[Stored records]
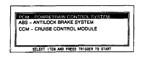 2. Select, "PCM-POWERTRAIN CONTROL MODULE" and press the TRIGGER.
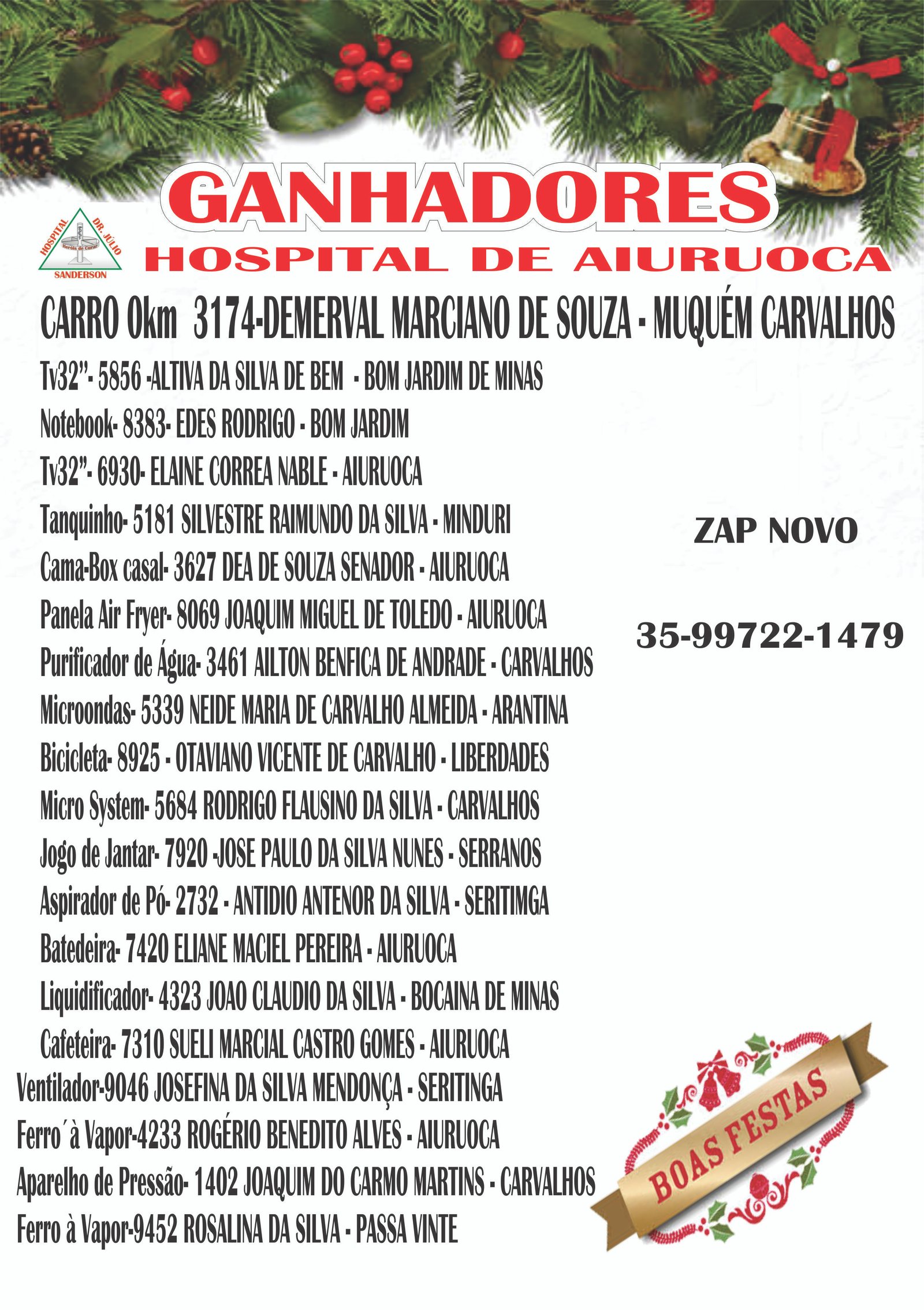 Um verdadeiro show de prêmios aconteceu no Hospital de Aiuruoca, em comemoração ao Natal. Com a ajuda dos Associados da Região a arrecadação de verba e prêmios foi um sucesso. Sendo o grande sorteado o Sr. Dermeval Marciano de Souza, do distrito de Muquem, Carvalhos, que levou o prêmio mais cobiçado da noite, um carro 0km.
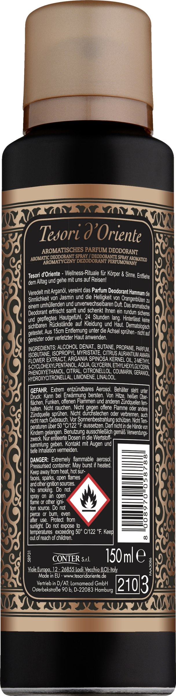 Hammam deodorant parfume er beriget med arganolie og kombinerer sensualiteten fra jasmin og lysstyrken fra appelsinblomst for at skabe en indhyllende og umiskendelig duft. Den aromatiske deodorant opfrisker blidt og får din hud til at føles helt sikker og velplejet, 24 timer i døgnet. Efterlader ingen synlige rester på tøj og hud.
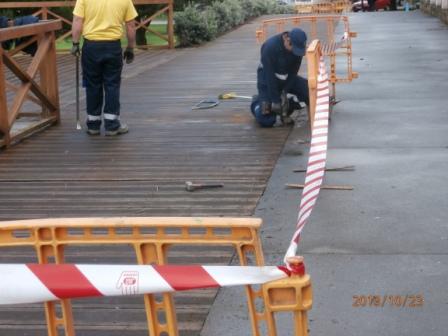 Estes dias, estase a facer os traballos de mantemento e reparación do tramo do paseo maritimo Da Ria, comprendido entre o aparcadoiro da Mazota e o residencial Habitat, na fachada maritima da ria do Burgo. Os traballos consisten na reposición de rastreles e tornilleria nova, que por mor das inclemencias metereoloxicas, e o desgaste habitual neste tipo de materiais, ten dita infraestructura. Os traballos estan xa case rematados a falla de pequenos axustes de reaprete de tornilleria de suxección. Con esta actuación xa queda todo o tramo transitable para os peons, e disfrute dos veciños/as, que usan a diario dita infraestructura.
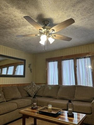 [This review was collected as part of a promotion.] When removing my old fan to install this new one the electrician realized that the old one had an extra hot wire that we didn't need. Needless to say we are having to re-wire the fan/light outlet soon.
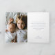 Cette carte pliée tout simplement charmante avec faire-part de naissance photo présente un design contemporain qui vous permet de la customiser facilement selon votre style. En haut, nous avons ajouté "BONJOUR, MONDE !" mais n'hésitez pas à changer cela à tout ce qui vous chante, que ce soit "BIENVENUE" ou "INTRODUCTION", etc. Si vous souhaitez souligner votre gratitude pour un cadeau et en faire un carte de remerciements, vous pouvez le modifier pour montrer "MERCI TELLEMENT !" ou similaire en haut. Et dans n'importe quel coque, vous pouvez inclure votre gratitude dans un court message à l'intérieur de la carte. Tout le texte à l'avant et aussi à l'intérieur de la carte est un élégant bleu moyen foncé, mais vous pouvez le changer en une autre couleur si vous le souhaitez. En choisissant un script pour le nom de votre bébé, nous recherchions quelque chose d'informel, avec la personnalité mais aussi un flux ordonné qui est facile à lire, et nous avons trouvé quelque chose que nous aimions. Si vous préférez un look plus minimaliste, vous pouvez supprimer sans remplacer l'un de nos exemples de statistiques - vous pouvez ne pas inclure l'heure de la journée ou la longueur, par exemple. Nous avons placé l'arrière - plan sur l'avant et la moitié intérieure qui a le texte comme transparent, pour laisser la couleur de votre papier simplement servir de tonalité de base. Vous pouvez changer cela en choisissant une couleur spécifique à la place. À l'intérieur de la moitié droite, nous avons inclus un texte d'espace réservé que vous pouvez remplacer par votre propre message. Vous pouvez modifier la police, la couleur et la taille du texte en fonction de votre style lorsque vous entrez votre message personnel ici. Ou, après avoir supprimé notre texte d'espace réservé, vous pouvez simplement laisser cette moitié de l'intérieur de la carte entièrement vide, de sorte que vous pouvez ajouter un message manuscrit avec vos signatures après avoir reçu vos cartes. Ou peut-être souhaitez-vous entrer votre message et supprimer nos exemples de noms en script sans les remplacer par les vôtres, afin de signer vos noms à la main sur chaque carte. Sur la moitié gauche de l'intérieur de la carte, vous remarquerez que nous avons ajouté un deuxième échantillon de photo. Nous avons inclus cette option parce que vous pourriez avoir du mal à décider entre vos deux photos préférées, dans lequel coque, vous n'avez pas besoin, puisque vous aurez de l'espace sur le devant et à l'intérieur pour les partager les deux! Mais vous pouvez également supprimer cette photo d'espace réservé intérieur sans la remplacer et laisser cette partie de la carte vide. N'oubliez pas ceci lors de la modification ! Dans n'importe quel coque, n'oubliez pas de supprimer tout le texte de l'espace réservé à l'avant et à l'intérieur ainsi que nos deux exemples de photos ! Le type de papier par défaut, matte, a une chaleur douce et résiste à l'usurpation, c'est donc un excellent choix pour écrire votre propre message. Vous pouvez modifier ceci en demi-brillant lorsque vous modifiez la carte si vous préférez cet aspect. Utilisez les outils de design intuitifs, vos photos préférées et votre inspiration pour personnaliser cette carte pliée faire-part de naissance personnalisée et la rendre unique à vous! Et s'il vous plaît consulter notre collection d'annonces de naissance moderne pour d'autres annonces de naissance stylisées, y compris cette conception en version carte plate et carte postale!

» To do: A faithful copy of the entries above is needed, one that contains no images.

» Response box:
 2. Select, "PCM-POWERTRAIN CONTROL MODULE" and press the TRIGGER.
 Um verdadeiro show de prêmios aconteceu no Hospital de Aiuruoca, em comemoração ao Natal. Com a ajuda dos Associados da Região a arrecadação de verba e prêmios foi um sucesso. Sendo o grande sorteado o Sr. Dermeval Marciano de Souza, do distrito de Muquem, Carvalhos, que levou o prêmio mais cobiçado da noite, um carro 0km.
 Hammam deodorant parfume er beriget med arganolie og kombinerer sensualiteten fra jasmin og lysstyrken fra appelsinblomst for at skabe en indhyllende og umiskendelig duft. Den aromatiske deodorant opfrisker blidt og får din hud til at føles helt sikker og velplejet, 24 timer i døgnet. Efterlader ingen synlige rester på tøj og hud.
 Estes dias, estase a facer os traballos de mantemento e reparación do tramo do paseo maritimo Da Ria, comprendido entre o aparcadoiro da Mazota e o residencial Habitat, na fachada maritima da ria do Burgo. Os traballos consisten na reposición de rastreles e tornilleria nova, que por mor das inclemencias metereoloxicas, e o desgaste habitual neste tipo de materiais, ten dita infraestructura. Os traballos estan xa case rematados a falla de pequenos axustes de reaprete de tornilleria de suxección. Con esta actuación xa queda todo o tramo transitable para os peons, e disfrute dos veciños/as, que usan a diario dita infraestructura.
 [This review was collected as part of a promotion.] When removing my old fan to install this new one the electrician realized that the old one had an extra hot wire that we didn't need. Needless to say we are having to re-wire the fan/light outlet soon.
 Cette carte pliée tout simplement charmante avec faire-part de naissance photo présente un design contemporain qui vous permet de la customiser facilement selon votre style. En haut, nous avons ajouté "BONJOUR, MONDE !" mais n'hésitez pas à changer cela à tout ce qui vous chante, que ce soit "BIENVENUE" ou "INTRODUCTION", etc. Si vous souhaitez souligner votre gratitude pour un cadeau et en faire un carte de remerciements, vous pouvez le modifier pour montrer "MERCI TELLEMENT !" ou similaire en haut. Et dans n'importe quel coque, vous pouvez inclure votre gratitude dans un court message à l'intérieur de la carte. Tout le texte à l'avant et aussi à l'intérieur de la carte est un élégant bleu moyen foncé, mais vous pouvez le changer en une autre couleur si vous le souhaitez. En choisissant un script pour le nom de votre bébé, nous recherchions quelque chose d'informel, avec la personnalité mais aussi un flux ordonné qui est facile à lire, et nous avons trouvé quelque chose que nous aimions. Si vous préférez un look plus minimaliste, vous pouvez supprimer sans remplacer l'un de nos exemples de statistiques - vous pouvez ne pas inclure l'heure de la journée ou la longueur, par exemple. Nous avons placé l'arrière - plan sur l'avant et la moitié intérieure qui a le texte comme transparent, pour laisser la couleur de votre papier simplement servir de tonalité de base. Vous pouvez changer cela en choisissant une couleur spécifique à la place. À l'intérieur de la moitié droite, nous avons inclus un texte d'espace réservé que vous pouvez remplacer par votre propre message. Vous pouvez modifier la police, la couleur et la taille du texte en fonction de votre style lorsque vous entrez votre message personnel ici. Ou, après avoir supprimé notre texte d'espace réservé, vous pouvez simplement laisser cette moitié de l'intérieur de la carte entièrement vide, de sorte que vous pouvez ajouter un message manuscrit avec vos signatures après avoir reçu vos cartes. Ou peut-être souhaitez-vous entrer votre message et supprimer nos exemples de noms en script sans les remplacer par les vôtres, afin de signer vos noms à la main sur chaque carte. Sur la moitié gauche de l'intérieur de la carte, vous remarquerez que nous avons ajouté un deuxième échantillon de photo. Nous avons inclus cette option parce que vous pourriez avoir du mal à décider entre vos deux photos préférées, dans lequel coque, vous n'avez pas besoin, puisque vous aurez de l'espace sur le devant et à l'intérieur pour les partager les deux! Mais vous pouvez également supprimer cette photo d'espace réservé intérieur sans la remplacer et laisser cette partie de la carte vide. N'oubliez pas ceci lors de la modification ! Dans n'importe quel coque, n'oubliez pas de supprimer tout le texte de l'espace réservé à l'avant et à l'intérieur ainsi que nos deux exemples de photos ! Le type de papier par défaut, matte, a une chaleur douce et résiste à l'usurpation, c'est donc un excellent choix pour écrire votre propre message. Vous pouvez modifier ceci en demi-brillant lorsque vous modifiez la carte si vous préférez cet aspect. Utilisez les outils de design intuitifs, vos photos préférées et votre inspiration pour personnaliser cette carte pliée faire-part de naissance personnalisée et la rendre unique à vous! Et s'il vous plaît consulter notre collection d'annonces de naissance moderne pour d'autres annonces de naissance stylisées, y compris cette conception en version carte plate et carte postale!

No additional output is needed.